September 21, 2012
United States (English)
Directed by Robert Lorenz
Written by Randy Brown
"Trouble with the Curve" has trouble with the clichés but the relationships between the characters, and the fine performances behind them, make this worth your while.
Clint Eatwood is back in "Gran Torino"-mode as he plays Gus, a seasoned baseball talent scout for the Atlanta Braves. As he scowls and growls his way through life, his daughter Mickey (Amy Adams) has a tough time strengthening their relationship, which has been on the rocks since her mother passed away when she was only six. (Eastwood makes Tommy Lee Jones' character from this year's "Hope Springs" seem like a bundle of joy by comparison.) If anything, Gus helped his daughter develop a love for the game as she came with him on many-a-scouts.
The general manager for the Braves is considering advice from his advisor and a much young scout. They use computers while Gus keeps stacks of books and papers in his home. This competition forms the film's painfully obvious antagonist. When Mickey learns Gus is suffering from early signs of glaucoma she takes time away from her prestigious law career, and advances from her boyfriend, to spend some quality time with her dad as he follows minor league prospects in North Carolina - this is made all the more pressing with an upcoming draft.
Justin Timberlake plays Johnny, a former ball player turned scout after an injury. he shows up at the same games as Gus and Mickey in his New York license plated ride (he's looking to net someone for the Mets).
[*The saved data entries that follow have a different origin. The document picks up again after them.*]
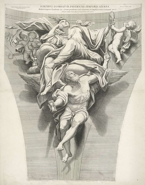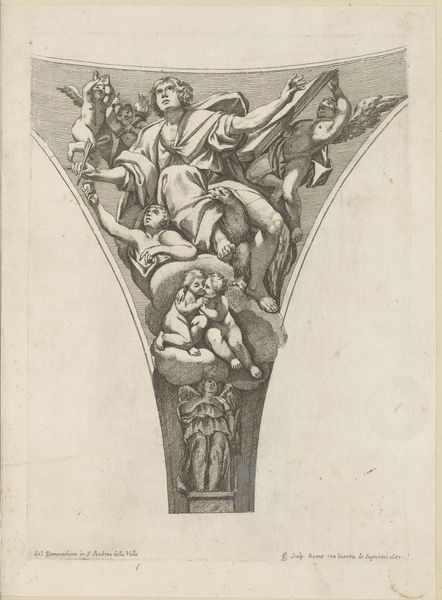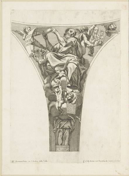 Stephan Colbenschlag created this engraving of Mattheus the Apostle in the 17th century. The composition, primarily linear, emphasizes form through the density and direction of etched lines, which gives the figures volume and weight. Notice the dramatic rendering of Saint Matthew surrounded by angels. The artwork is structured around a semiotic system. Matthew’s pensive expression, paired with the presence of angels bearing symbolic objects, such as the book and stylus, indicates divine inspiration and authority. The line work creates depth, and the strategic placement of light and shadow directs the viewer's eye, encouraging us to decode the visual narrative. The use of hatching and cross-hatching reflects a broader artistic interest in representing three-dimensionality on a two-dimensional surface. Consider how the formal qualities of line and composition interact with the religious subject matter. The strategic use of these elements evokes contemplation and invites a deeper engagement with its spiritual themes.
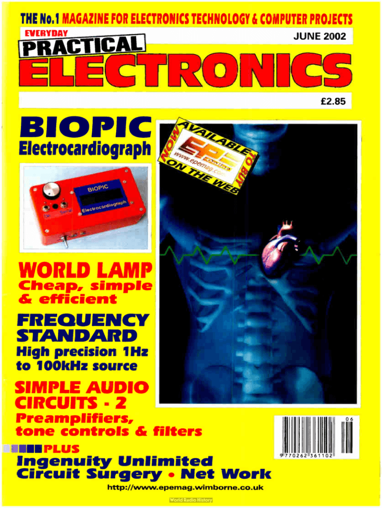 THE Noll MAGAZINE FOR ELECTRONICS TECHNOLOGY itt COMPUTER PROJECTS JUNE 2002EVERYDAYC7 2.85BIOPICElectrocardiographWORLD LAMPCheap, simple lfg efficientFREQUENCY STANDARD High precision 1Hz to 100kHz
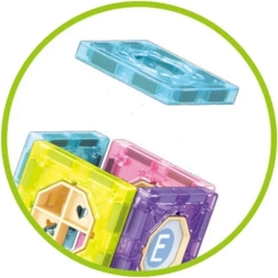 Děti si procvičí prostorové myšlení, plánování i koordinaci oko–ruka. Zábavná forma učení podporuje trpělivost, řešení problémů a samostatnost. Barevné samolepky navíc umožní personalizaci staveb a rozvoj fantazie.
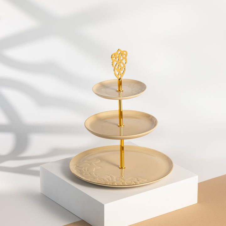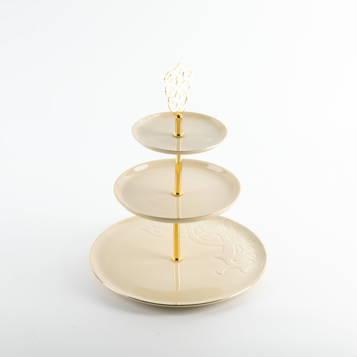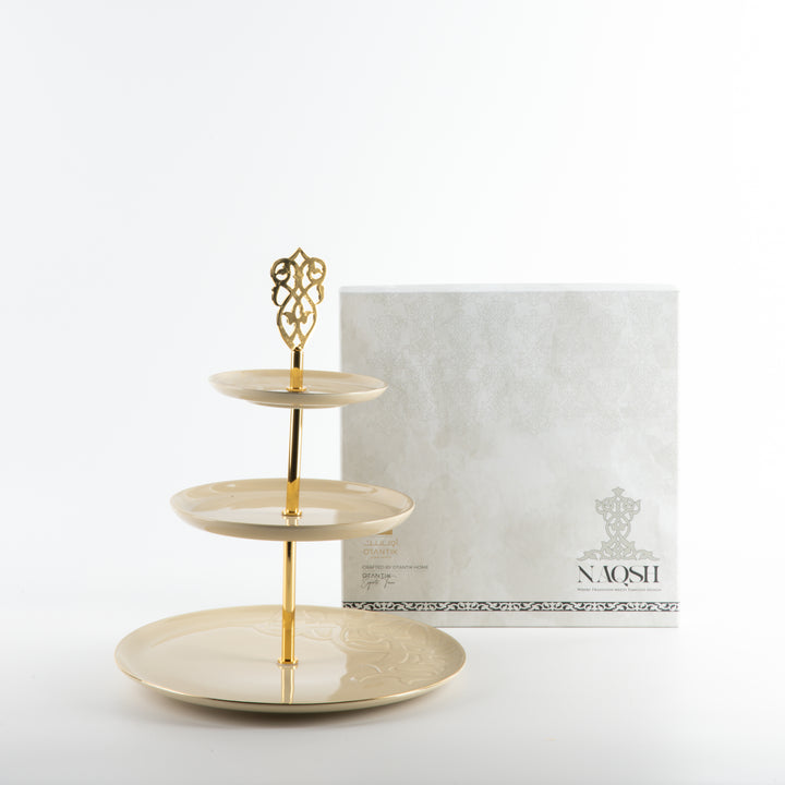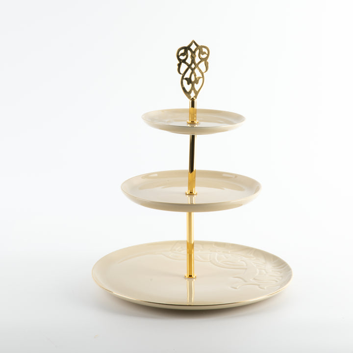 ستاند بورسلان 3 طبقات من نقش- إيفوري و ذهبي
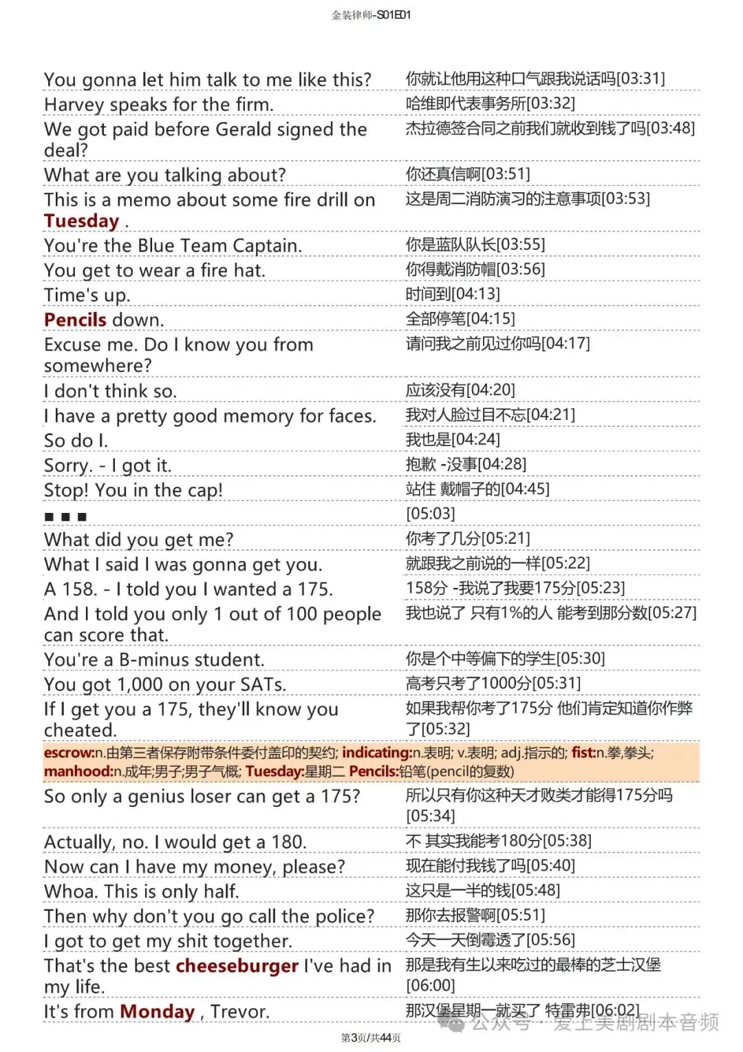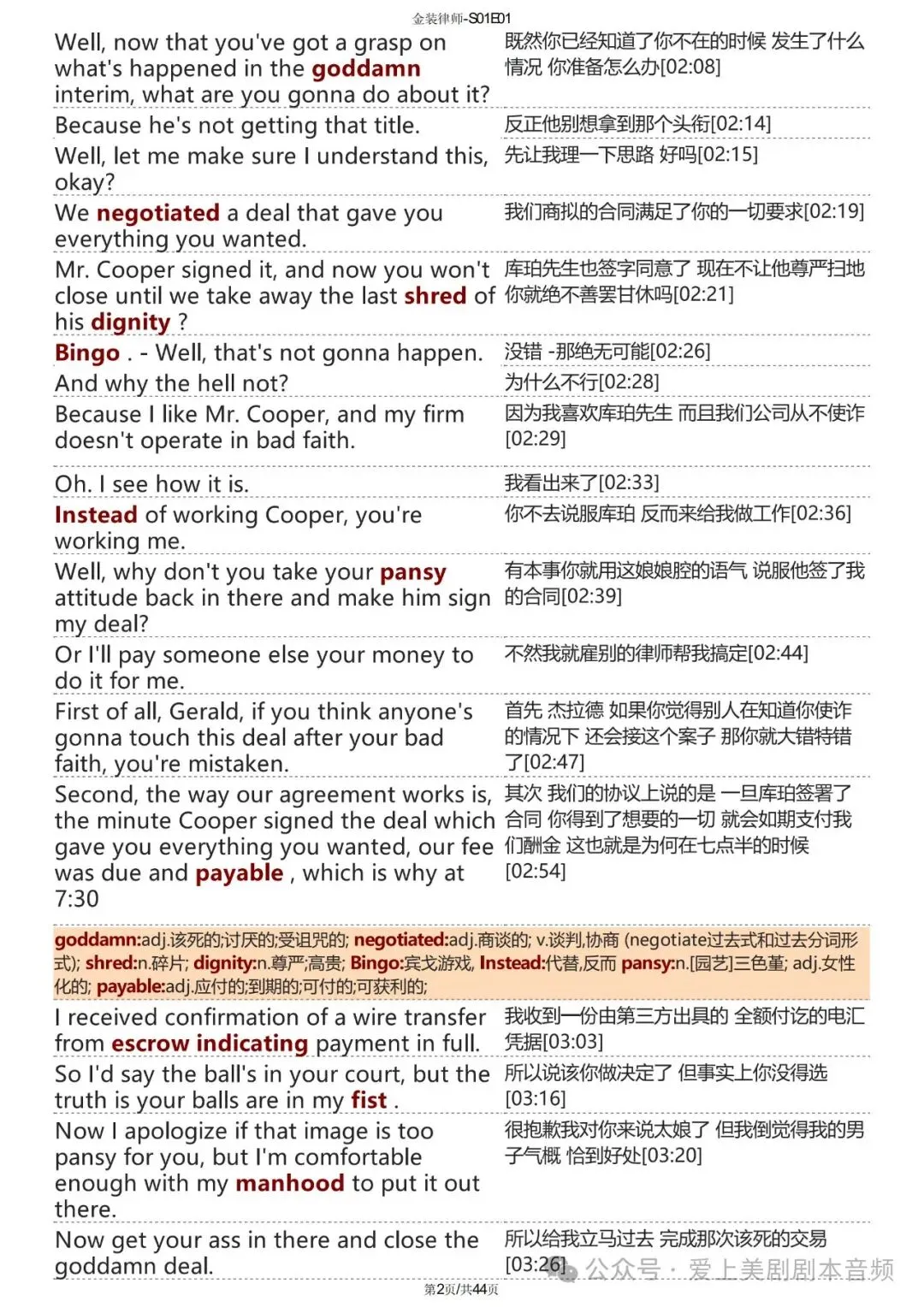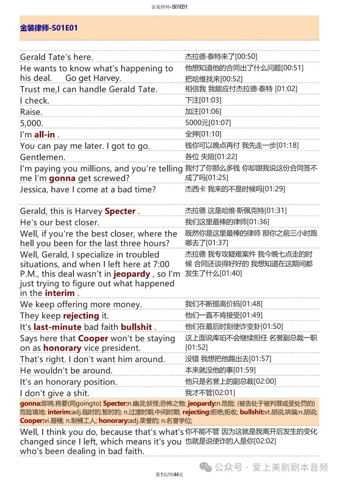 金装律师台词剧本下载pdf(双语精排版)全9季+mp3+单词注释

After a game he reminds Gus who he is and is all the more pleased upon meeting Mickey. There you have it, the dominos are all set up and I sat there hoping that they would fall in an unpredictable fashion, but they absolutely do not.
Luckily for me, "Trouble with the Curve" like last year's "Moneyball" is not like a typical baseball movie. We do not have to follow the trajectory of an underdog team's season, which I am more grateful for than I can tell you. Rest assured, this sport is the backdrop for all the drama and the one thing our characters have in common (a favorite game between Mickey and Johnny is to stump each other with trivia from "America's favorite pastime"). There were three baseball nuts seated right behind me (they spent the half hour before the premier discussing players) and they seemed to get all the inside jokes and references, so that might be an added measure for those interested.
The relationship between Gus and Mickey is certainly compelling. Eastwood's roughness entertains (why is it when "old people" crassly speak their mind we all laugh?) and the great scene where we first see him really smile is simply sunshine. When we see how hard it is for Gus and Mickey to connect there is genuine concern to be had. Furthermore, the chemistry between Adams and Timberlake (who I think is is just as good an actor as he is a musician, see "The Social Network") feels truer than most Hollywood films. The primary problem is that at the end of the day (er, film) we are torn between a by-the-numbers father-daughter relationship and a by-the-numbers romance. I was far more interested in the former.